INTA's Trademark Reporter Romania case summary - Flags, Coats of Arms and Other Insignia (European Union)
By Aura Campeanu, published in the March/April 2012 edition of the IAR Trademark Reporter
In August 2010, observation notices were filed against 101 national trademark applications in the name of Silviu Vasile Prigoana, a Romanian individual, on behalf of the European Commission, the European Union’s executive body that represents and upholds the interests of the European Union. The applications were all composed, in part, of a figurative element depicting a circle of 12 gold stars (imitating the European Union emblem) placed on top of an abstract blue arch, and a word element in the form of a Romanian city name followed by the word “TV” (see the example below, illustration at left). (Filing observations is a newly introduced procedure in the process of trademark registration in Romania and is similar to the procedure set forth in Article 40 of the Community Trade Mark Regulation (CTMR) (Council Regulation (EC) No. 207/2009, Feb. 26, 2009). Specifically, Article 18 of the Romanian Trademarks Law (Law 84/1998 on Trademarks and Geographical Indications, as amended and republished in 2010) provides that within two months after publication of a national trademark application interested persons may present observations regarding the absolute registrability of the mark applied for, under Article 5 (absolute grounds of refusal).

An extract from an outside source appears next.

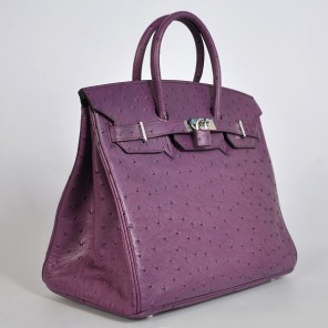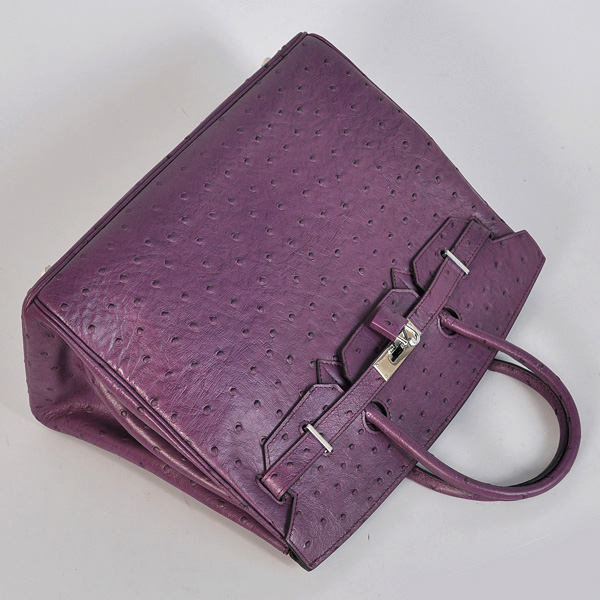 - Hermes Birkin 35CM Purple Ostrich stripes leather(Silver)
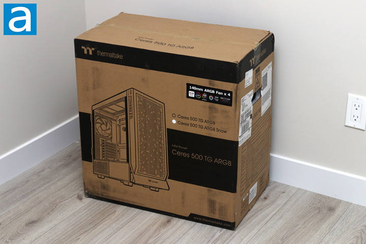 Today's review unit of the Thermaltake Ceres 500 TG ARGB Snow arrived from Thermaltake's offices in City of Industry, California, USA. Traveling with UPS and their Standard ground service, this box arrived in good condition. There is one area on the corner edge with a notable impact, but most cases have thick foam in these areas to prevent damage from spreading to the item inside. Similar to the last Thermaltake chassis, the Core P3 TG Pro Snow, this cardboard box doubled as the shipping container. This brown corrugated cardboard box shows off the Ceres 500 TG ARGB in black outline on the front panel. The product name can be found beside the image. The company logo and name can be seen on the top corner. Finally, you can see a colored label at the top to show there are four addressable RGB fans included in the Ceres 500 TG ARGB Snow, and these fans are compatible with all of the major motherboard manufacturer software, including Asus, Gigabyte, MSI, and ASRock. Otherwise, around the box shows more specifications about the enclosure inside.

The legal basis for the filed observations against the 101 applications was Article 5(1)(l) of the Trademarks Law. Article 5(1)(l) provides that registration shall be refused for trademarks that contain, without the permission of the competent authorities, reproductions or imitations of armorial bearings, flags, other emblems, abbreviations, initials, or denominations that are governed by Article 6ter of the Paris Convention and that belong to international intergovernmental organizations.
The European Commission argued that the applications in question each contained an imitation of the official emblem of the European Union, a circle of 12 gold stars on a blue background, which belongs to the European Union and is the sole symbol of the European Commission.
Following the filing of the observation notices, Silviu Vasile Prigoana abandoned his applications.
As a result of these observations and in order to clearly regulate the protection conferred in Romania to the European Union emblem, the State Office for Inventions and Trademarks inserted, in the Implementing Regulations to the Trademarks Law, a specific provision on protection of the European Union’s emblems. Accordingly, the Regulations currently provide in Article 20(14) that “… signs containing emblems or parts of the European emblem owned by the Council of Europe shall be refused registration.”